How a Cheap Plastic Film Can Give Your Smartphone a 3-D Screen
Last week, a company in Singapore began shipping $35 plastic screen protectors for the iPhone 5. These are no ordinary screen protectors, though—each has half a million tiny lenses precisely patterned on its surface, which can turn an ordinary phone into a device capable of displaying 3-D images and video, no glasses required.
The 3-D effect of the “EyeFly 3D” screen protectors, made by Nanoveu, is based on lenticular lens technology, which was invented over a century ago and is used to make posters and postcards that move as the viewer changes his or her perspective. The lenses send separate images to the left and right eye to create the illusion of depth.
What makes the EyeFly unique is its manufacturing process. In particular, say its inventors, a patent-pending nanofabrication step allows for the application of “perfectly shaped lenses,” each small enough to sit above a single pixel image on the highest-resolution LCD displays on the market, and focus it toward either the right or left eye.
“We have taken an age-old lenticular lens technology and improved it with nanotechnology,” says Loke Yee Chong, a researcher at the Singaporean government’s Agency for Science, Technology and Research (A*STAR). Loke helped lead the development of the fabrication technique.
Mobile phone and tablet displays that enable glasses-free 3-D viewing have been available for several years. But the market hasn’t taken off, in part because the relatively small amount of available content formatted for 3-D doesn’t justify the expense of integrating 3-D technology directly into the hardware (see “10 Breakthrough Technologies 2010: Mobile 3-D”). Further, modifying the screen to enable 3-D viewing generally reduces resolution, a fact that has also hindered previous approaches to plastic overlays.
The EyeFly 3D could change things, not only because it is relatively inexpensive, but also because Nanoveu promises both high-quality 3-D viewing and “distortion-free” 2-D viewing, at least on certain high-resolution screens.

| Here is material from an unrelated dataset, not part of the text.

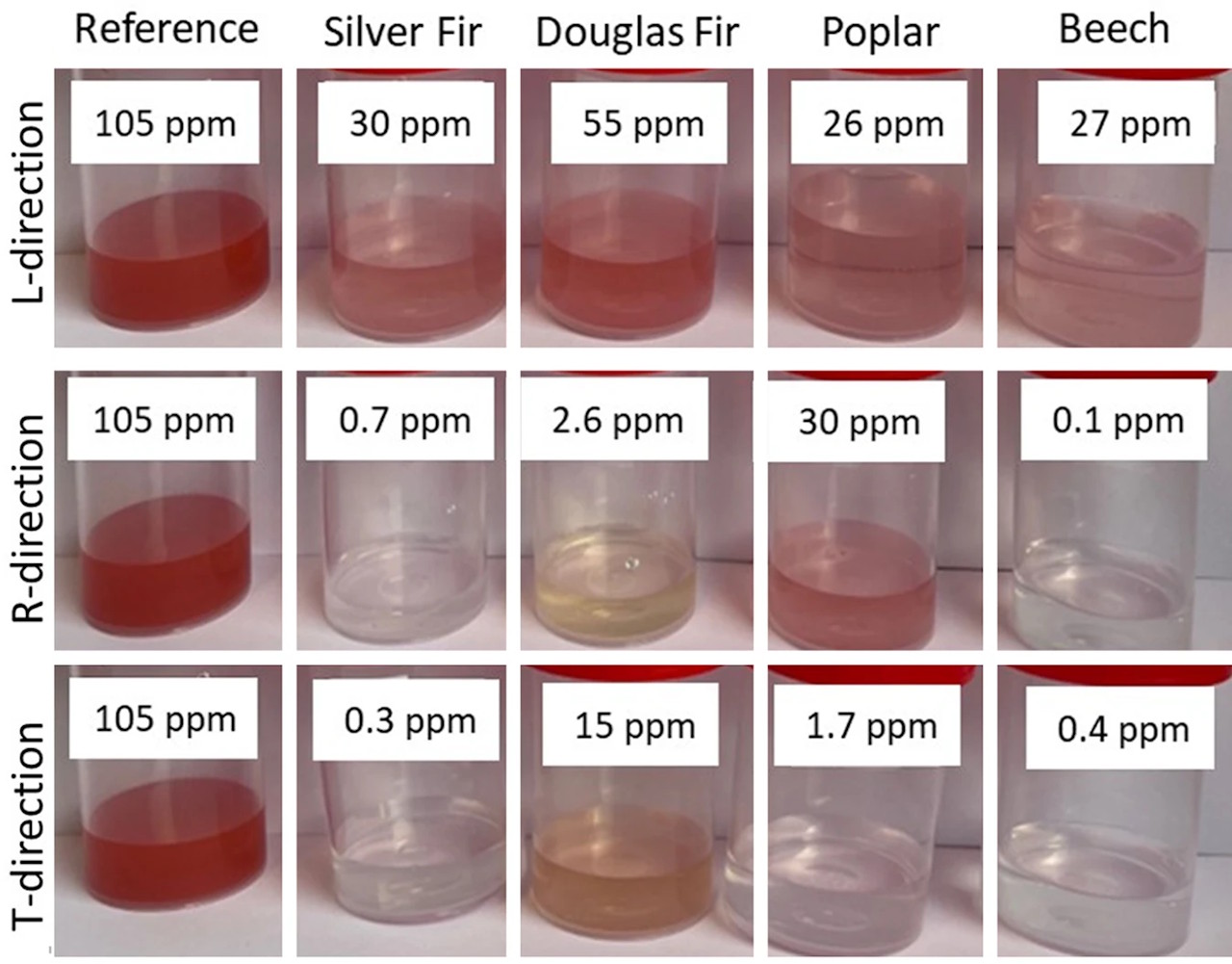 Здатність фільтрів з різної деревини видаляти з води наночастинки. Зліва направо: вода з наночастинками без фільтрації, після фільтрації крізь деревину смереки, дуґласії, тюльпанового дерева та бука. Згори вниз: повздовжній, кільцевий і поперечний переріз деревини. Sánchez-Ferrer & Guerrero Parra. / Wood Science and Technology, 2025

Software applications take photo and video content made with separate images for the left and right eye, “dissect each frame” and then “reassemble them together in a way that our lens can understand,” explains Nanoveu CEO Alfred Chong. An additional app will enable conversion of 2-D images into 3-D, he says. Nanoveu will also develop a software development kit for producing 3-D games, and plans to work with game-makers to offer their content in 3-D.

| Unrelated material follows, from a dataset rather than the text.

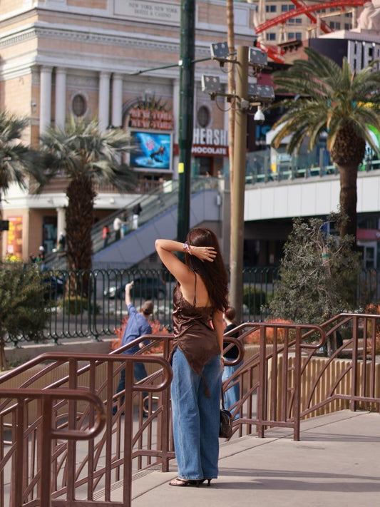 BLUSA EN SEDA MOCHA AMARRE CUELLO Y ESPALDA

A detailed installation guide shows how to use one of the apps to install the film and make sure it is properly aligned.
Soon after the introductory product for the iPhone and iPod 5, the company plans to roll out films for the third and fourth generation iPads, the Samsung Galaxy S3, S4, and Note 2, and the HTC Butterfly and DNA, according to its website.
The key to the product’s low cost, says Loke, is a new manufacturing method, the result of several years of research and development by researchers at A*STAR and Singapore’s Temasek Polytechnic. The method is based on nanoimprint lithography, which first emerged in the mid-1990s and employs hard material to stamp extremely small and precise patterns onto a softer material. The resulting imprints are used to make finished products, for example through etching or the deposition of additional materials (See: 10 Breakthrough Technologies 2003: Nanoimprint Lithography).
A*STAR and Temasek have licensed the manufacturing technology to Nanoveu. The proprietary process, says Loke, is “highly customizable,” and will allow the company to rapidly adapt it to make films customized for specific smartphones and tablets. Chong says the “roll-to-roll” manufacturing process “can be scaled up much like the way newspapers are printed” (see “Nano Printing Goes Large”).